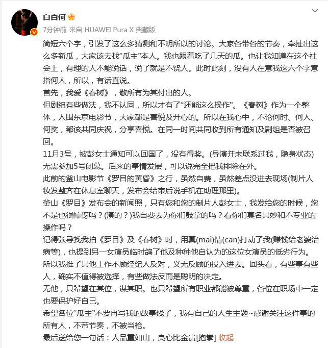 春树导演制片人回应争议张律否认靠卖惨打动白百何 谈及白百何长文提及的“被排除在外
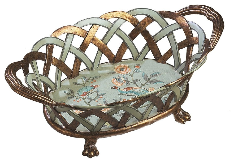 Give your home decor that little something extra special - that subtle little accent piece that ties the whole room together. Something like this oval-shaped contemporary style sea foam and floral centerpiece! It was made of porcelain, and has a gray and gold finish. It will blend nicely with any decorating scheme and highlight the look of your current home decor. It was manufactured in China, and measures 18.5"L x 11"W x7"H.
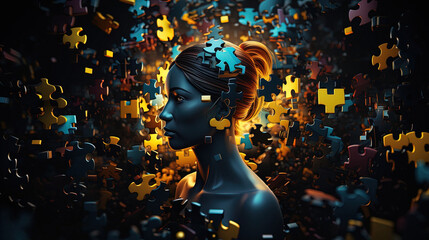 Social Media Diversity Illustrated with Yellow Puzzle on Black Background. Representation of Various User Profiles - Ages, Interests and Cultures.
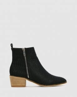– Festival boots – Black snake embossed boots- Perfect winter boots – Croc embossed designer styling – Refined wooden stack heel – Festival elegance – Dual side zip easy entry – Almond toe boots
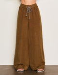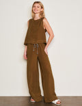 For a pant that can handle the heat, this high-waisted pant is the ultimate styling piece. Full length and wide leg silhouette create a breathable space while the waist tie cinches in to give the overall fit the perfect shape.
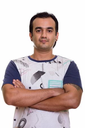 Portrait of mature bearded Indian man with curly hair wearing hoodie
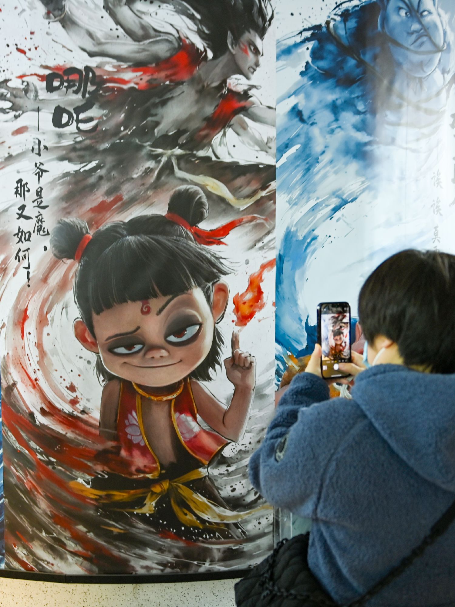 哪吒造型画吸引参观者手机拍照。(图片来源:中新社)
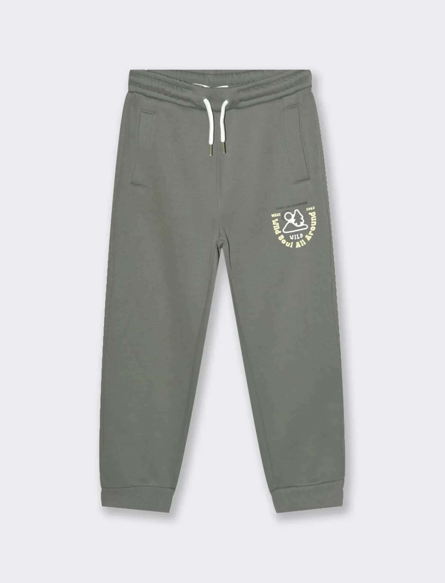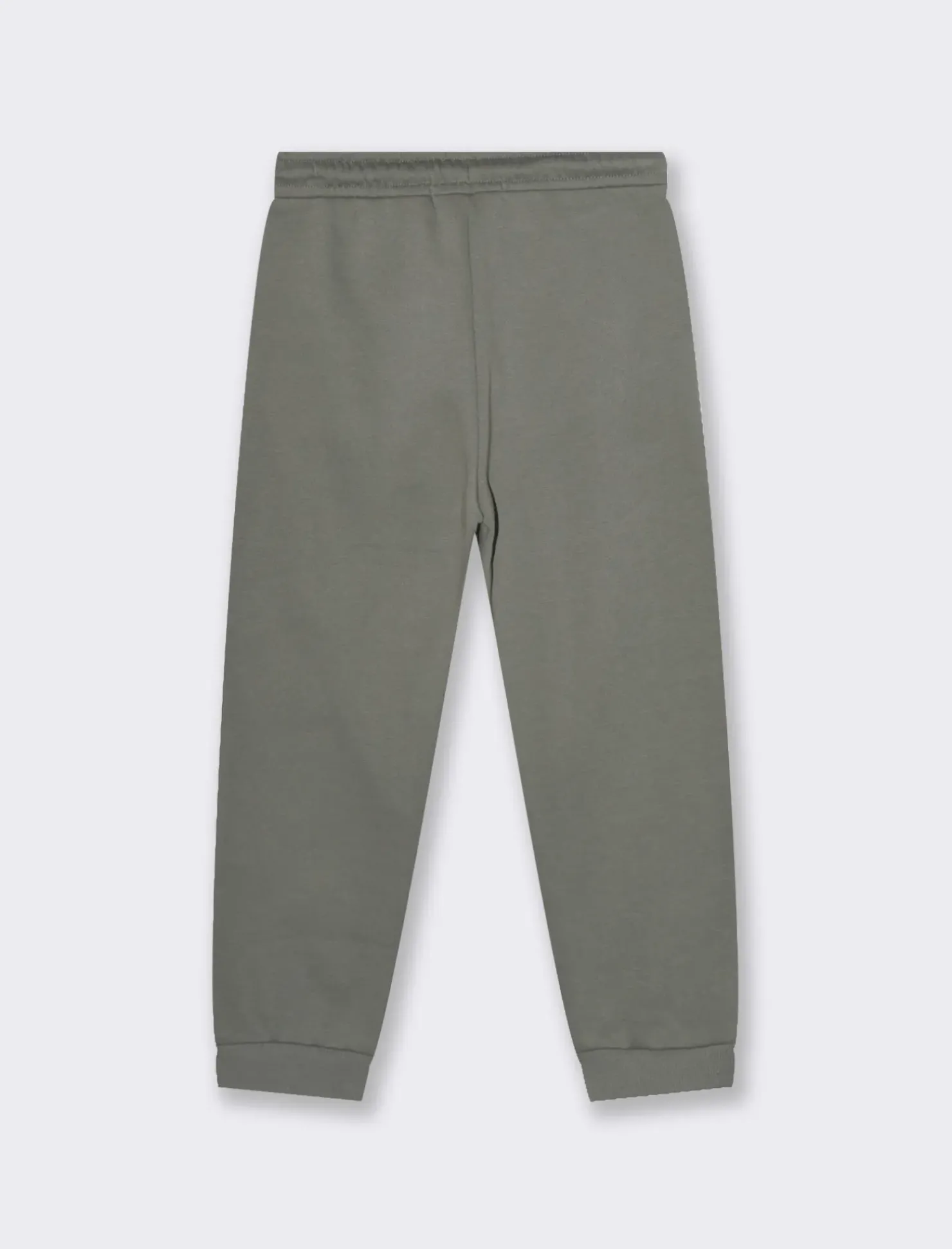 Jogger da bambino tinta unita in felpa garzata con stampa frontale. Lacci ed elastico in vita. Fondo gamba in costina. Ideale per le attività all’aperto nei periodi più freddi. Il prodotto è di colore Verde militare
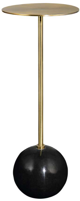 This sophisticated drink table goes wherever the party goes. An elegant honed black marble foot with natural white veining supports the iron top finished in brushed brass, perfect for holding a book or drink. Because of the natural characteristics of marble, each piece will have unique veining patterns.Read More
•••
## What to work on:
Pictures excluded, repeat the records exactly from their opening line through the line containing "哪吒造型画吸引参观者手机拍照。(图片来源:中新社)".

## Your response:
 春树导演制片人回应争议张律否认靠卖惨打动白百何 谈及白百何长文提及的“被排除在外
 Give your home decor that little something extra special - that subtle little accent piece that ties the whole room together. Something like this oval-shaped contemporary style sea foam and floral centerpiece! It was made of porcelain, and has a gray and gold finish. It will blend nicely with any decorating scheme and highlight the look of your current home decor. It was manufactured in China, and measures 18.5"L x 11"W x7"H.
 Social Media Diversity Illustrated with Yellow Puzzle on Black Background. Representation of Various User Profiles - Ages, Interests and Cultures.
– Festival boots – Black snake embossed boots- Perfect winter boots – Croc embossed designer styling – Refined wooden stack heel – Festival elegance – Dual side zip easy entry – Almond toe boots
 For a pant that can handle the heat, this high-waisted pant is the ultimate styling piece. Full length and wide leg silhouette create a breathable space while the waist tie cinches in to give the overall fit the perfect shape.
 Portrait of mature bearded Indian man with curly hair wearing hoodie
 哪吒造型画吸引参观者手机拍照。(图片来源:中新社)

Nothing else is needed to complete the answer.